I have been trying to retrieve "unicode user input" in my Java application for a small utility snippet. The problem is, it seems to be working on Ubuntu "out of the box" which has I guess OS wide encoding at UTF-8 but doesn't work on Windows when run from "cmd". The code in consideration is as follows:
public class SerTest {
public static void main(String[] args) throws Exception {
testUnicode();
}
public static void testUnicode() throws Exception {
System.out.println("Default charset: " +
Charset.defaultCharset().name());
BufferedReader in =
new BufferedReader(new InputStreamReader(System.in, "UTF-8"));
System.out.printf("Enter 'абвгд эюя': ");
String line = in.readLine();
String s = "абвгд эюя";
byte[] sBytes = s.getBytes();
System.out.println("strg bytes: " + Arrays.toString(sBytes));
byte[] lineBytes = line.getBytes();
System.out.println("line bytes: " + Arrays.toString(lineBytes));
PrintStream out = new PrintStream(System.out, true, "UTF-8");
out.print("--->" + s + "<----\n");
out.print("--->" + line + "<----\n");
}
}
Output on Ubuntu (without any changes to configuration):
me@host> javac SerTest.java && java SerTest
Default charset: UTF-8
Enter 'абвгд эюя': абвгд эюя
strg bytes: [-48, -80, -48, -79, -48, -78, -48, -77, -48, -76, 32, -47, -115, -47, -114, -47, -113]
line bytes: [-48, -80, -48, -79, -48, -78, -48, -77, -48, -76, 32, -47, -115, -47, -114, -47, -113]
--->абвгд эюя<----
--->абвгд эюя<----
Output on windows CMD prompt (in no way affected by JAVA_TOOL_OPTIONS):
E:\>chcp 65001
Active code page: 65001
E:\>java -Dfile.encoding=utf8 SerTest
Picked up JAVA_TOOL_OPTIONS: -Dfile.encoding=utf8
Default charset: UTF-8
Enter 'абвгд эюя': юя': ': абвгд эюя
strg bytes: [-48, -80, -48, -79, -48, -78, -48, -77, -48, -76, 32, -47, -115, -47, -114, -47, -113]

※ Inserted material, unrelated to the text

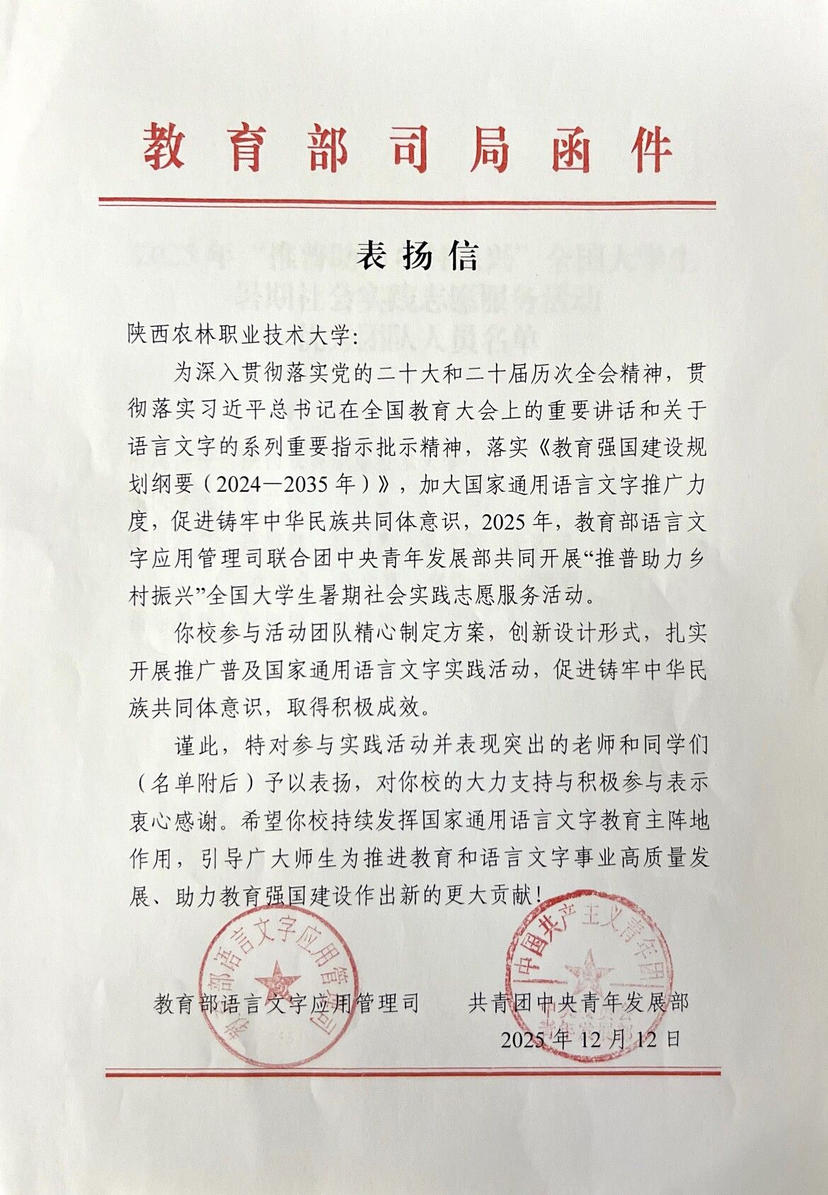 12月12日,教育部语言文字应用管理司与共青团中央青年发展部向学校发来表扬信,对团队师生予以表扬,向学校的大力支持和积极参与表示感谢。表扬信中指出,我校“耕读兴农・青语筑梦”暑期社会实践团精心制定方案,创新设计形式,扎实开展推广普及国家通用语言文字实践活动,促进铸牢中华民族共同体意识,取得积极成效。

Exception in thread "main" java.lang.NullPointerException
at SerTest.testUnicode(SerTest.java:26) # byte[] lineBytes = line.getBytes();
at SerTest.main(SerTest.java:15)
Output in Eclipse console (after using JAVA_TOOL_OPTIONS):
Default charset: UTF-8
Enter 'абвгд эюя': абвгд эюя
strg bytes: [-48, -80, -48, -79, -48, -78, -48, -77, -48, -76, 32, -47, -115, -47, -114, -47, -113]
Picked up JAVA_TOOL_OPTIONS: -Dfile.encoding=utf8
line bytes: [-48, -80, -48, -79, -48, -78, -48, -77, -48, -76, 32, -47, -115, -47, -114, -47, -113]
--->абвгд эюя<----
--->абвгд эюя<----
On Eclipse console, it is working because I have added a system wide environment variable (JAVA_TOOL_OPTIONS) which if possible I would like to avoid.
Output in Eclipse console (after removing JAVA_TOOL_OPTIONS):
Default charset: UTF-8
Enter 'абвгд эюя': абвгд эюя
strg bytes: [-48, -80, -48, -79, -48, -78, -48, -77, -48, -76, 32, -47, -115, -47, -114, -47, -113]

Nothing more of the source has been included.